« Bibliothèque du matrimoine : Séverine (1855-1929) »
Recension de L'Insurgée de Séverine par Christiane Chaulet Achour dans Diacritik.
Bien qu’elle ne soit pas une inconnue, on ne peut pas dire que la grande Séverine fasse partie des références fréquentes de nos savoirs. Elle revient en librairie grâce à un livre bienvenu, édité par L’Échappée : Séverine L’Insurgée, avec une préface de Paul Couturiau et une postface de Laurence Ducousso-Lacaze et Sophie Muscianese.
Séverine écrivit quelques six mille articles et chroniques, très lus ! Son métier, elle l’exerça de 1883 à 1928, témoignant des événements « traversés » et d’autres plus quotidiens et plus humbles, du Second Empire au soutien à Sacco et Vanzetti, de l’accès des femmes à l’Université et à la recherche, au mariage, à l’avortement, à la misère. Comme le rappellent les éditions L’Echappée dans la présentation de l’ouvrage, Séverine n’est pas totalement sortie des radars depuis près d’un siècle mais cette journaliste pionnière et originale n’a pas la gloire qu’elle mérite.
Rappelons l’objectif de la collection « lampe-tempête » dirigée par Jacques Baujard : « Il y a des siècles qui ressemblent à des tempêtes : le vent de l’histoire y souffle plus fort qu’ailleurs, la nuit semble être sans fin, et nul n’y est à l’abri de l’orage qui menace. Contre toute attente, et pour peu qu’elle s’émancipe de l’imaginaire dominant, seule la littérature y propage encore un peu de lumière. Par un travail de redécouverte de textes de fiction méconnus ou oubliés, augmentés de commentaires critiques et politiques, cette collection entend donc montrer que la littérature peut être instrument de prospection, à la recherche des possibles, les meilleurs comme les pires, ceux qui gisent dans le passé comme ceux que nous réserve l’avenir ».
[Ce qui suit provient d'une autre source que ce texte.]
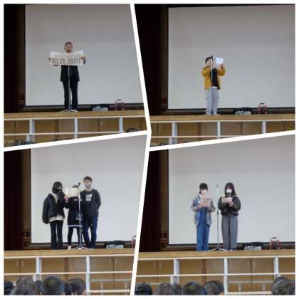 今週の児童朝会は、初めに読書感想文のコンクールで賞をもらった人の表彰がありました。校長先生のお話は「給食週間」に関するものでした。保健、給食、環境の各委員会のお知らせに続いて、児童会から、南港桜小学校のキャラクター名決定の報告がありました。係の先生のお話は「あいさつ」についてでした。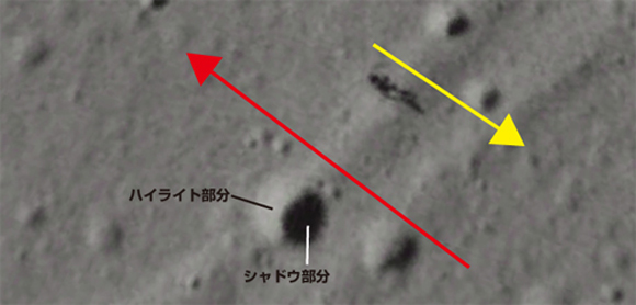 クレータの影からすると、月面に当たる光は右下から左上に向けて(赤矢印)に対し、巨人は光が左上から右下(黄矢印)についている。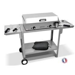 Ce pack est une association de 8 articles. Tout à été pensé afin que vous n’ayez rien à prévoir en plus. En effet, vous aurez 1 plancha + 1 couvercle + 1 chariot + 1 housse + 4 ustensiles. Informations concernant la plancha NEO E650 : Appareil conçu pour 10 personnes maximum. Matériel tout inox. Dimension : L65 X P43 X H18 cm. 2 zones de chauffe indépendantes. 2 Thermostats indépendants de 50° à 300° . Bol de récupération des jus amovible. Les 3 bords de la plancha ont une hauteur de 5 cm chacun. Surface de cuisson 64 x 40 cm. Plaque de cuisson en inox alimentaire épaisseur 3mm. Puissance : 2400 W. Poids : 17 kg. Plancha avec 4 pieds. Le cordon d’alimentation mesure 2 mètres. Norme IPX4. Branchement sur simple prise électrique 230V/16A. La plancha sera dotée d’un couvercle en inox. Informations concernant le chariot : Il est en acier magnélis. Cette matière ne rouille pas. Il a 2 roues fixes et 2 tablettes fixes non rabattables. Il est équipé d’une étagère basse. Dimension hors tout : L 140 X P40 X H86cm. Dimension entre les 2 tablettes : 79cm. Chariot livré en pièces détachées. Notice de montage jointe. Vous aurez également 4 ustensiles pour cuisiner dont 1 spatule grattoir pour le nettoyage. La housse protégera le tout des intempéries. Matériel conçu et fabriqué en France. Matériel à usage domestique uniquement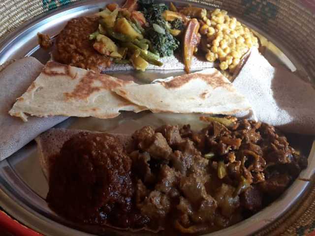 Wer typisch afrikanisch möchte, ist hier in der Schwetzinger Straße 43 in Mannheim richtig am Platz. Das Lokal ist sehr schön eingerichtet und macht einen gemütlichen Eindruck. Das Lokal hat ab 17 Uhr geöffnet und keinen Ruhetag. Die Betreiber, ein jungen Paar aus Eritrea sind sehr freundlich und zuvorkommend. Bitte bringen Sie ein wenig Zeit mit, denn die Speisen werden frisch zubereitet und das dauert seine Zeit. Nachdem in Afrika traditionell mit der rechten Hand gegessen wird, sollte man das auch mal ausprobieren, auch wenn es natürlich auch Besteck gibt. Die Speisen werden auf afrikanische Art und Weise dargereicht. Die Qualität ist prima und der preis fürs Essen angepasst. Einzigst die Weinpreise sind vollkommen überteuert - deshalb Abstriche (6,20 Euro)!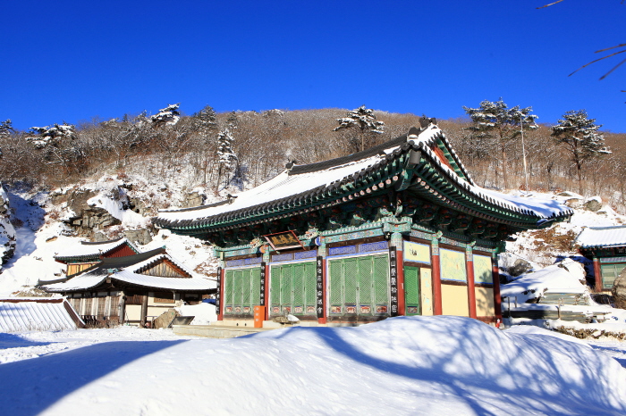 Le temple Sangwonsa est construit sur un sol en pierre d’une taille d’environ 100 pyeong (soit environ 330 m²) et est situé au bord de Namdaebong (1 182 m) à l’extrémité sud de la montagne Chiaksan. De l’eau de source fraîche jaillit d’une fissure de la roche à côté du temple et devant le temple. Il y a également une falaise de 40 m de hauteur et au pic de celle-ci se trouvent trois canneliers rares. L’histoire du faisan qui a rendu service, qui est à l’origine du nom de la montagne Chiaksan, est une légende qui prend racine dans ce temple.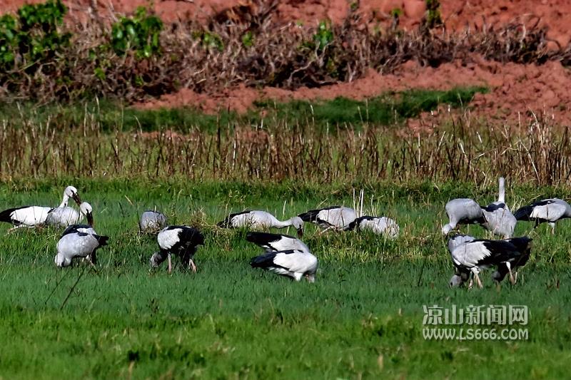 2006年首次在我國云南大理洱海有記錄。2011年初次在西昌邛海發(fā)現(xiàn),至今每年的4月鉗嘴鸛都要成群結(jié)隊地來到邛海濕地。據(jù)筆者觀察,目前有近百只鉗嘴鸛,它們多為群體活動,在邛海周邊核桃村、小漁村、趙家村、焦家村、王家村、聯(lián)合村等濕地一帶棲息覓食。

Dans une préface alerte et admirative, Paul Couturiau trace les points forts de la vie singulière de Séverine. Lui succède un choix de quarante-cinq articles, écrits de 1886 à 1921, chacun précédé d’une présentation efficace et synthétique pour qu’il soit aussi lu dans le contexte de sa publication. Ces quarante-cinq articles prennent place dans une œuvre impressionnante, il faut le rappeler. Séverine a regroupé ce qu’elle considérait comme ses meilleurs articles en recueils pour augmenter ses revenus puisqu’elle vivait exclusivement de sa plume. Car c’est la première femme journaliste, salariée, à avoir vécu de son travail. Les ouvrages qui paraissent de 1893 à 1896 sont tous édités à Paris, aux éditions Simonis-Empis. En 1893, Pages rouges regroupe des papiers du Cri du peuple et son reportage à Saint-Étienne. En 1894, c’est sous le titre Notes d’une frondeuse (de la Boulange à Panama), qu’elle rassemble ses articles sur l’affaire Boulanger. Puis après une visite au pape Louis XIII qu’elle interviewe sur le problème juif, elle publie, en 1895, Pages mystiques. Cette publication est à mettre en relation avec l’action qu’elle exerçait pour les plus pauvres qui lui valut, de ses ennemis, le surnom de « Notre-Dame de la larme à l’œil ». Elle publie encore, en 1896, En Marche… Avec l’Affaire Dreyfus, son éditeur change et c’est quatre ans plus tard, en 1900, qu’elle fait paraître aux éditions P.V. Stock, Vers la lumière… Affaire Dreyfus… Impressions vécues. Elle publiera ensuite des tentatives plus littéraires dont une pièce de théâtre unique, À Sainte-Hélène ; en 1906, Sac-à-tout et enfin aux éditions Crès à paris, Line, en 1921, récit d’enfance autobiographique (...).